To remain relevant in coming years traditional players have to revamp models, particularly where tech giants already have monopolies on web-based ecosystems and potential re/insurance distribution platforms.

In 2017, InsurTech became a mainstream driver for insurance sector growth, as funding volumes rose by 36% to $2.3 billion, according to a recent Willis Towers Watson report.

Despite these large sums being thrown into innovation, experts warn that 2018 could mark the point the long-foreseen disruption by tech giants becomes a reality.

The innovation race is in full sway as re/insurers seek out digital solutions to drive efficiencies across all processes and value chains, however, while traditional players take steps towards a tech and eco-platform driven distribution model, they could be overrun by firms like Google which already boast such platform monopolies.

As an example, Clyde & Co point to Tesla’s option of purchasing ‘Insure My Tesla’ cover written by local underwriters, which include Direct Line in the UK, meanwhile, Amazon has launched a London insurance division and is hiring aggressively.

Hong Kong-based Clyde & Co partner Kevin Martin said; “a huge digital ecosystem has been constructed by technology companies that allow them to have a detailed understanding of their customers, the use of big data is allowing the more powerful and innovative technology companies from Alibaba to Amazon to enter the insurance market, using their existing platforms as powerful distribution and analytics tools.

“This has the potential to turn the traditional insurance industry on its head for personal lines business.”

To combat increased pressures from new market entrants, re/insurers are moving full-force into an innovation drive; some players are bringing in customers via new distribution channels, others have acquired InsurTech start-ups while some have invested in in-house “digital garages” to develop proprietary solutions.

Clyde & Co analysts advise re/insurers to “evolve their business models and leave no stone unturned in the quest to protect market share and drive growth.

However, experts point to the caveat of insurance having been widely “tipped for a while as an industry ripe for disruption”  but highlight that its resisted change more forcefully than many others.

“It will be fascinating to see where we are when we review developments again,” said analysts.

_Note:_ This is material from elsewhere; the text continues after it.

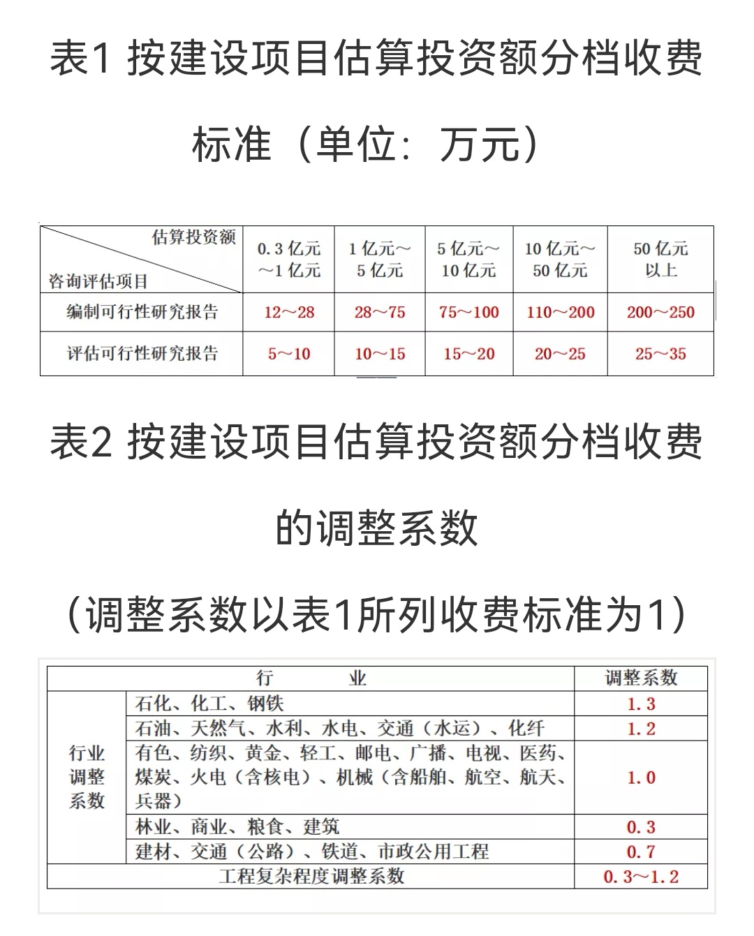 方法1:按建設項目估算投資額,分檔計算可行性研究報告編制和評估的咨詢服務費用(詳見表1),并由工程咨詢機構和委托單位根據(jù)各類項目復雜程度協(xié)商確定具體調整系數(shù)(詳見表2)

A further factor set to impact the re/insurance environment this year is increased regulatory scrutiny of InsurTech as new products move from experimental “sandbox environments” out into the testing and real-world use phase where they’ll have to comply with oversight.

Clyde & Co said black boxes in particular will come under scrutiny as the ICO and equivalent data regulators around the EU expect companies to find; “simple ways to tell the data subject about the rationale behind, or the criteria relied on in reaching the decision without necessarily always attempting a complex explanation of the algorithms used or disclosure of the full algorithm.”

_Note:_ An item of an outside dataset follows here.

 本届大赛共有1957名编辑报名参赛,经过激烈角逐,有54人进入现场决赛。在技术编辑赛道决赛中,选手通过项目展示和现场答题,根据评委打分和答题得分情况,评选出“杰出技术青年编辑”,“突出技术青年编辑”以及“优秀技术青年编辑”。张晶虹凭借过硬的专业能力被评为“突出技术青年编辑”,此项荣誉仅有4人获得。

In addition, 2018 is forecast to be the year blockchain will go mainstream, “insurers and brokers have seen the future. They’re just proving to themselves that it works,” commented analysts.

Clyde & Co concluded that although tech will not take-over, “disruption will become reality,” as new entrants such as Amazon and Google threaten established models and heap further pressure on traditional insurers, the question, said analysts, is “how rapidly traditional players can evolve their models in order to compete.”